Echinoporia is a genus of polypore, wood-inhabiting fungi comprising three accepted species in the family Schizoporaceae. Hairs on the pileus possessing asexual thick-walled spores, chlamydospores, is a defining trait of the genus. In 1980, Ryvarden established the genus for the type species, Echinoporia hydnophora (Berk. & Broome) Ryvarden (1980). In 1984, Ryvarden added another species. In 2008, Coelho described the third species of the genus.

The genus name is derived from the ancient Greek word "ἐχῖνος" (ekhînos) for porcupine/sea urchin. "Echino" means "prickly" or "spiny". Fungi in this genus are ivory- white or brown and appear "prickly" as its name suggests.

== Taxonomy ==
Before Echinoporia was coined, an alternative, unpublished name Echinodia Pat. was unofficially used to term the genus.
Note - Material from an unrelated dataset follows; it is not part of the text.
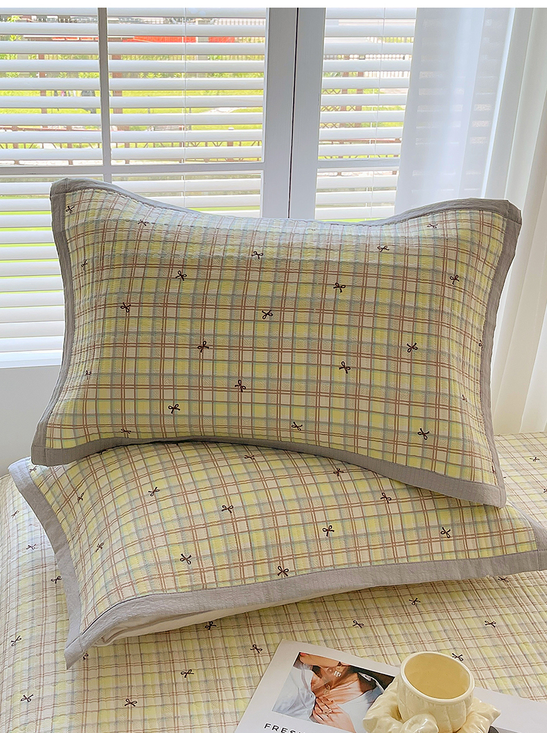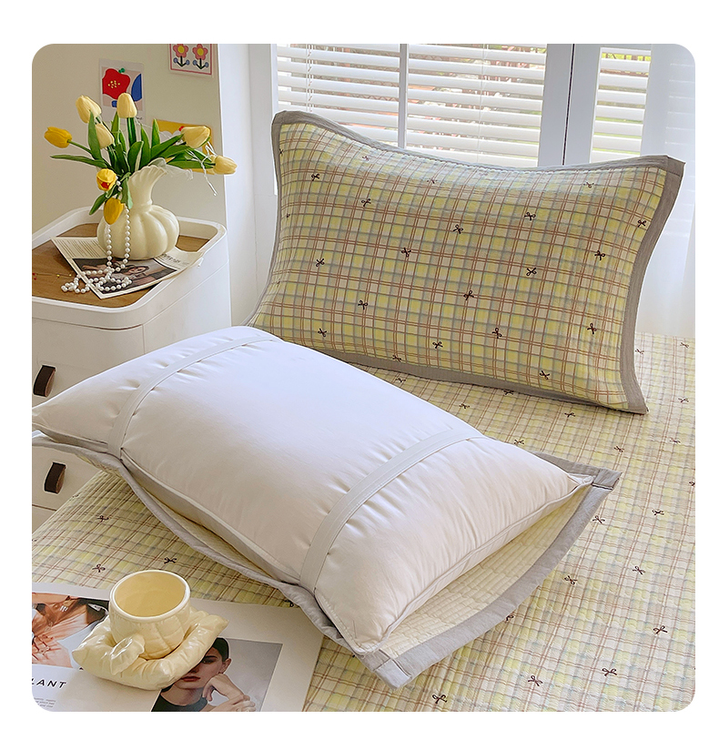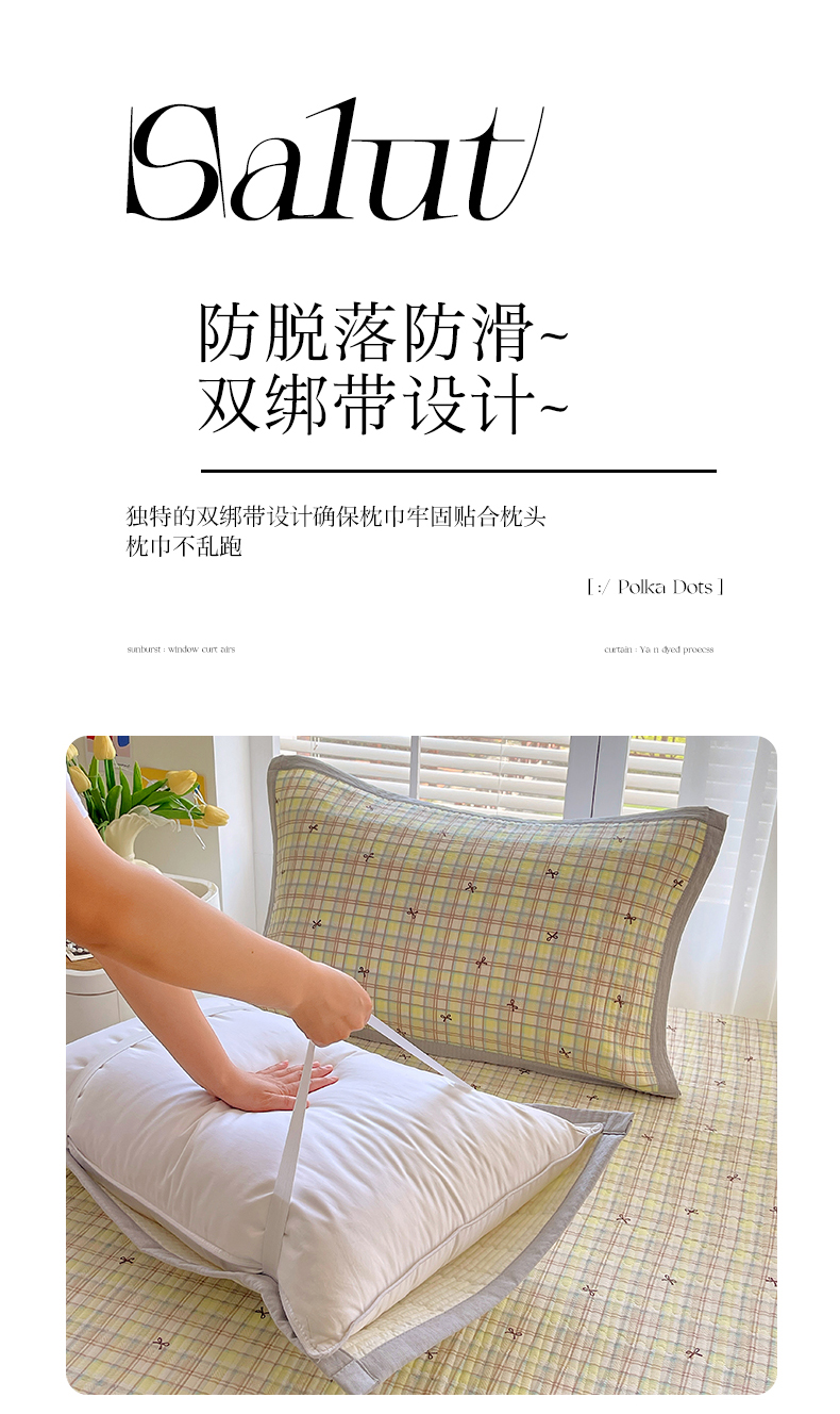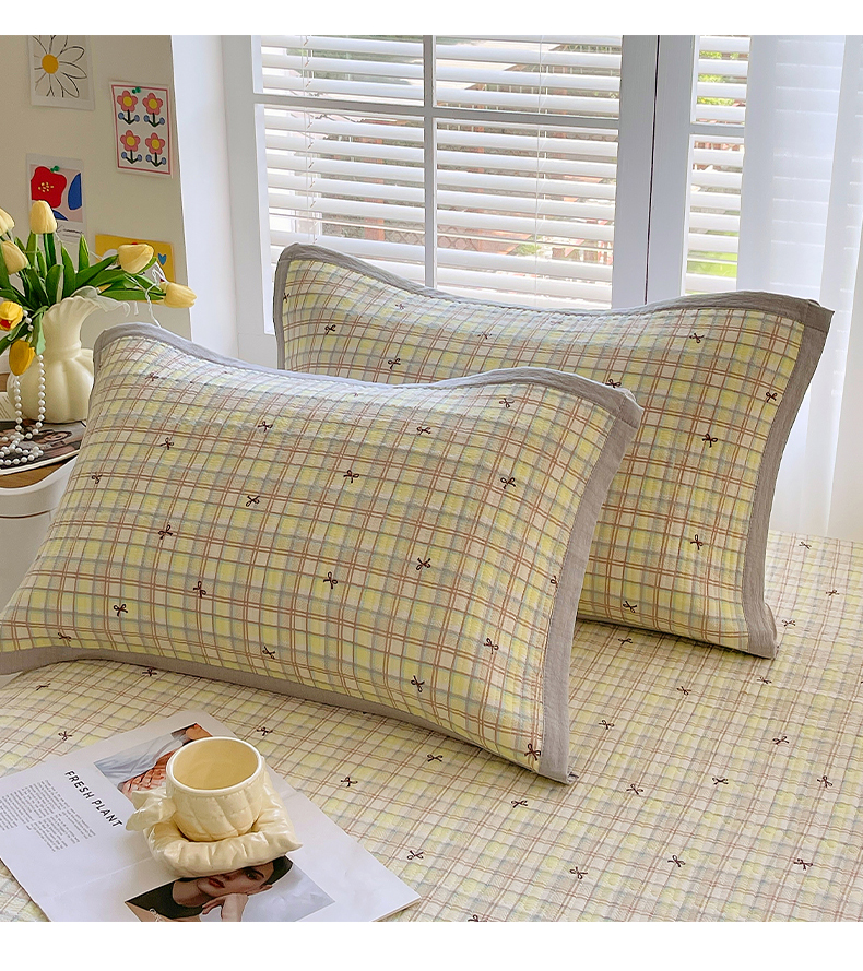 商品名称:雨彤家纺 2025新款A类双层纱夹棉单人枕巾 格调蝴蝶结

Echinoporia belongs to the family Schizoporaceae in the order Hymenochaetales. However, the classification of Echinoporia is not fully resolved and is contested. Researchers in 2023 present evidence that Echinoporia can be subsumed in the monotypic family Chaetoporellaceae, enlarging the family. The evidence presented suggests that morphological differences between Echinoporia and Kniefiella, the sole genus of Chaetoporellaceae will not affect taxonomic classification within the same family.

=== Species ===
There are three recognised and accepted species:

- Echinoporia hydnophora (Berk. & Broome) Ryvarden (1980)
- Echinoporia aculeifera (Berk. & M.A. Curtis) Ryvarden 1984
- Echinoporia inermis G. Coelho (2008)

== Geographic distribution ==
Two species of the genus, E. aculeifera and E. inermis have a Neotropical distribution, primarily found in South America and the Caribbean. E. inermis is an endemic species from Brazil. The type species of the genus, E. hydnophora has a Paleotropical distribution, found in parts of Southeast Asia, namely Indonesia, Malaysia, Sri Lanka and as of 2005, East Asia, Taiwan.